Ballen wrote in a paper on Pakistan that "the U.S. must now
do nothing less than spearhead a response similar to the one that
followed the tsunami - for self-evident and overwhelming humanitarian
reasons and for the long-term national security of the United
States itself."
Polls by
the Pew Global Survey this year showed that 51 percent of Pakistanis
have a favorable impression of bin Laden and only 23 percent are
favorable toward the United States.
According
to Ballen, "the humanitarian crisis in Pakistan is deepening,
yet the world's response is not. For the tsunami, there were about
4,000 helicopters donated to ferry life-saving aid, and in Pakistan
there are only 70 - even though there are almost three times as
many people who need food and shelter to survive.
"Similarly,"
Ballen said, "80 percent of the [worldwide] aid that was
pledged for the tsunami was given within the first two weeks,
while Pakistan so far has received only about 12 percent of the
aid pledged, or some $17 million."
As both Hughes
and Ballen told me, the tsunami and the Pakistani disaster present
different aid challenges - and the situation in Pakistan is more
daunting.
"The
tsunami was a one-time event," Hughes observed. "A wave
came in and swept all these people away" - an estimated 200,000
- "and there was very little need for ongoing disaster operations
such as providing medical assistance and transports.
"In
this case, we have a much more extensive ongoing operation ...
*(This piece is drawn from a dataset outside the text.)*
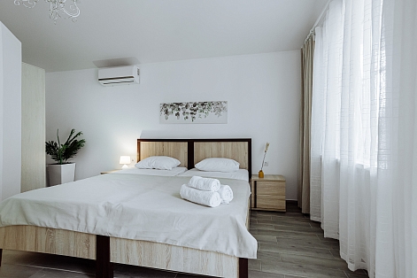 В номере: вешалка, зеркало, кровати односпальные /одна двуспальная кровать, прикроватные тумбочки, стол, шкаф, кондиционер, телевизор, телефон, холодильник

in terms of delivering supplies, rescuing people and saving lives.
It's very expensive, which is why we're launching the public-private
partnership."
However,
time is of the essence in Pakistan. An estimated 500,000 people
are without shelter, and the fierce Himalayan winter is about
to close in. The United Nations appealed for $550 million in international
aid, but only $131 million has been pledged, separate from the
U.S. contribution. And the U.N.'s relief coordinator, Jan Egeland,
said, "it's no good to pledge money for reconstruction if
people die before you reconstruct."
A CARE International
official told Newsday that "we can see a second
crisis coming. Winter is on the way and the danger is that people
will freeze to death."
To the extent
that the United States and the rest of the world fall short in
providing aid to Pakistan, Ballen said, the void will be filled
by Muslim groups tied to al Qaeda.
Even Pakistani
Interior Minister Aftab Khan Sherpao had to acknowledge that the
radicals are now "the lifeline of our rescue and relief work,"
Ballen wrote. Despite budgetary pressures and domestic disaster
reconstruction expenses, he urged Congress to authorize Bush to
spend "whatever sums are needed" for Pakistan relief
and for the United States to "take the lead."
"If
we are serious about truly confronting what President Bush rightly
called 'the murderous ideology' of radical Islamicists,"
he wrote, "then we must also take the concrete steps required
to weaken support for the radicals among the people themselves."
The post-tsunami effort shows that we know how to do what's right.
Now, we need to do it again.
Mort
Kondracke is the Executive Editor of Roll Call.